This is my take on the relative merits and weaknesses of the tier system which I voted on earlier this week. Let’s consider what happens when someone contracts Covid-19. Some people don’t show symptoms, others die. Some patients who survive coronavirus suffer from significant and long-term impacts to their health. Spending days and weeks on a ventilator is serious and causes major damage to the lungs. Many people also suffer from the prolonged, debilitating illness that is Long-Covid.

But before any of this, and the reason I support restrictions, is the consequences of no restrictions on our hospitals and how that would impact those who need treatment.
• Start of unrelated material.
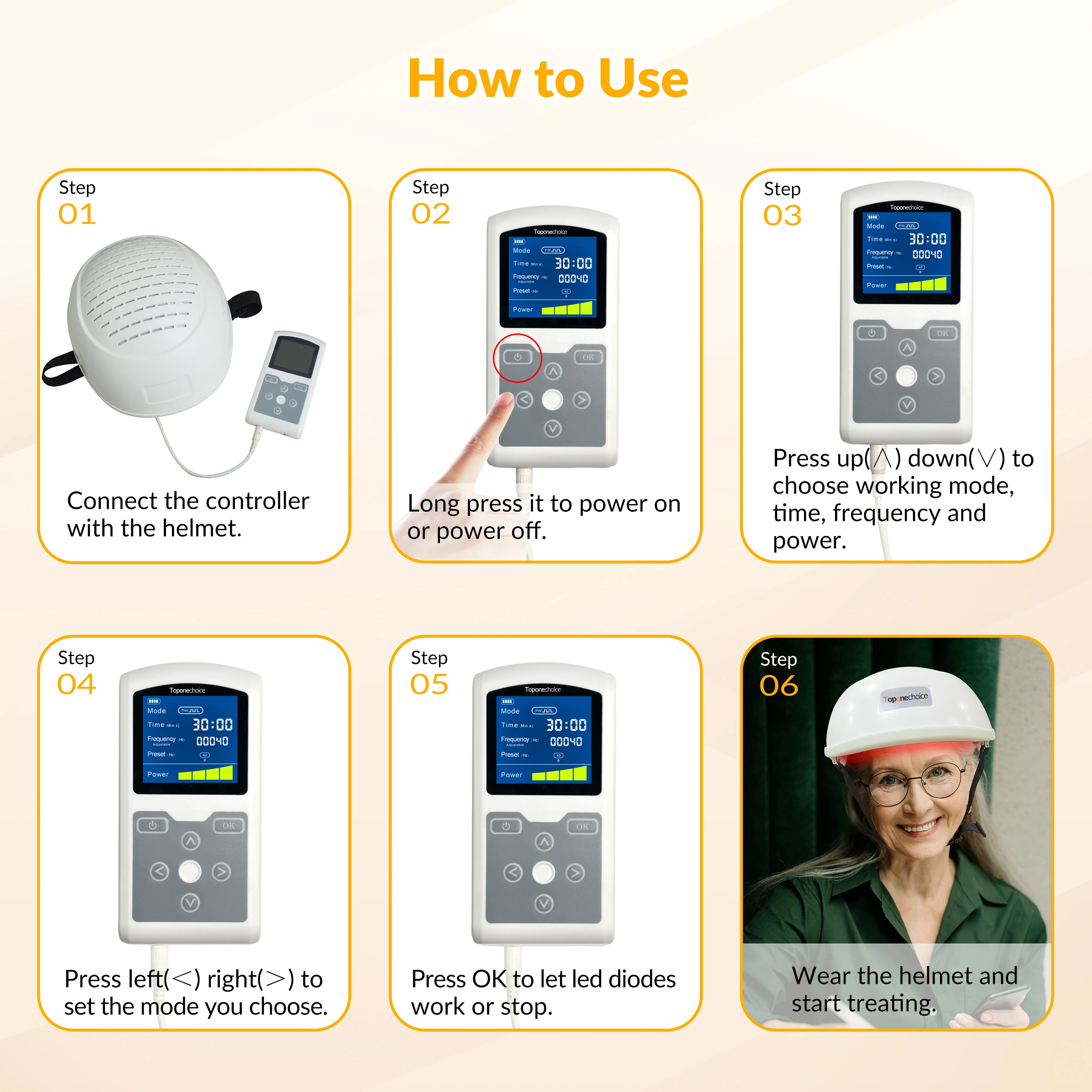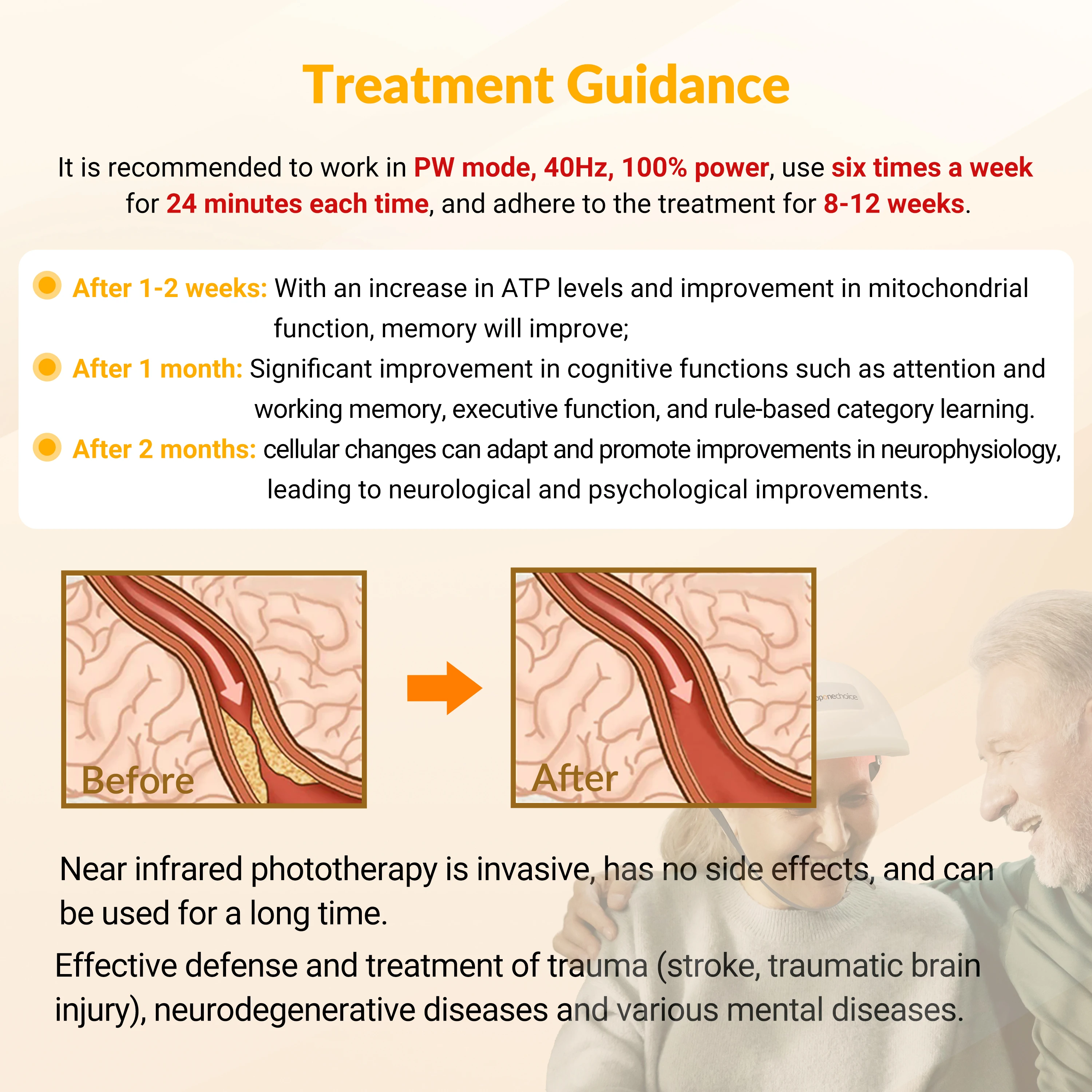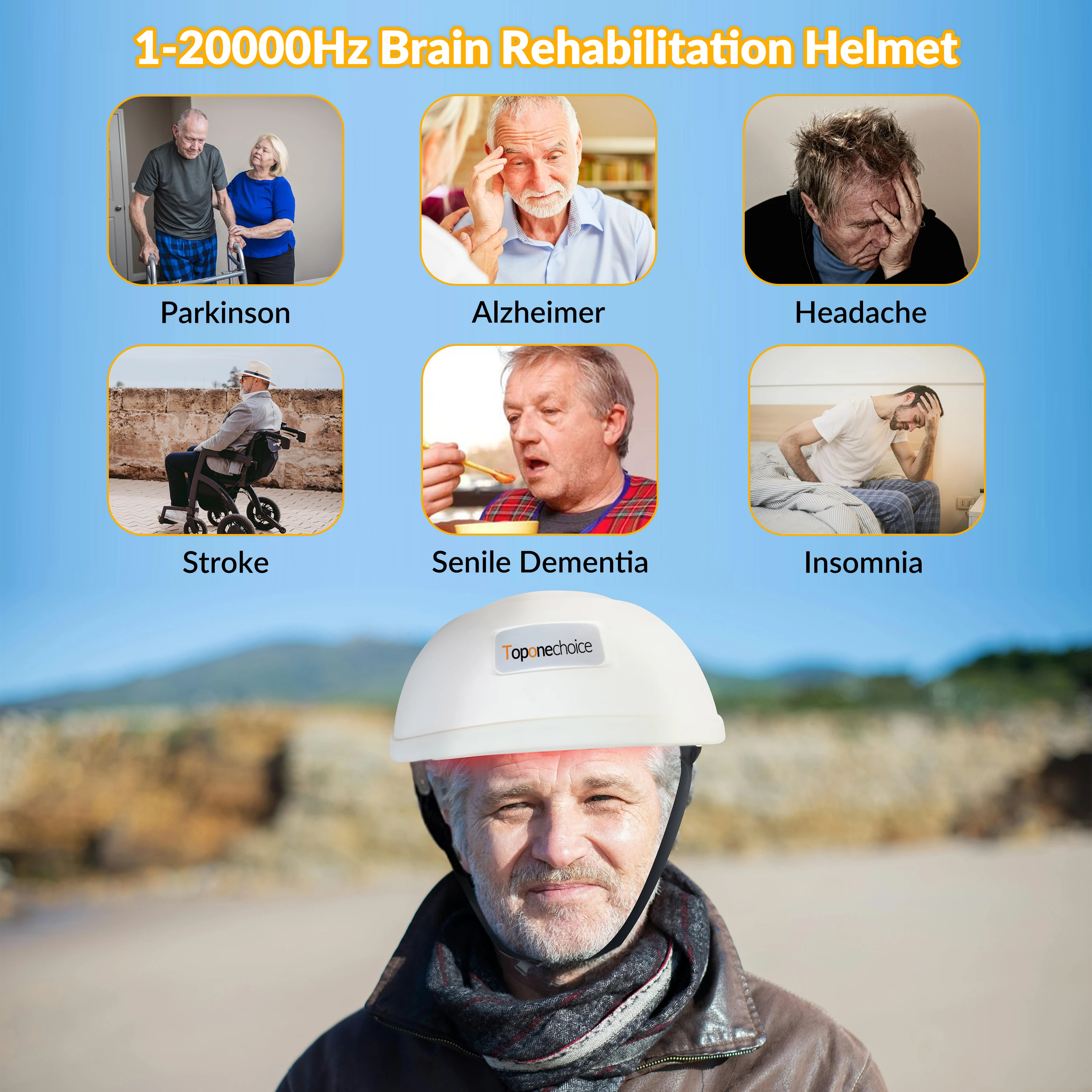 【More Applications】The physiotherapy helmet is helpful for the people who have the following troubles: Brain degeneration like Parkinson, Alzheimer,Dementia;    Low cognitive ability (memory, learning ability, comprehension);  Brian traumatic events: Stroke, cerebral palsy,Traumatic brain injury(TBI), Global ischemia, Brain injury, Headache, Migraine and Insomnia;Psychiatric disorders like Depression, Anxiety, Post Traumatic stress disorder,Aphasia,Autism spectrum disorder (ASD). In general, the brain neuromodulation helmet is effective to promote brain recovery and improve cognition ability.

Covid patients who find themselves in hospital occupy a hospital bed. Those who need specific help, occupy an ICU bed. And those who sadly die, do so in a hospital bed surrounded by nurses and doctors.

Some people want to take their chances. Some people claim Covid and its consequences are exaggerated, and numbers inflated. Those same people would expect, perhaps demand, their hospital bed if they were unfortunate enough to contract a serious case of the virus. In doing so they could deprive someone else with heart disease or cancer. Those that believe the government has overreacted do so knowing that the same government will ensure that medical help is available to them and their families, should the need arise, and be free at the point of use.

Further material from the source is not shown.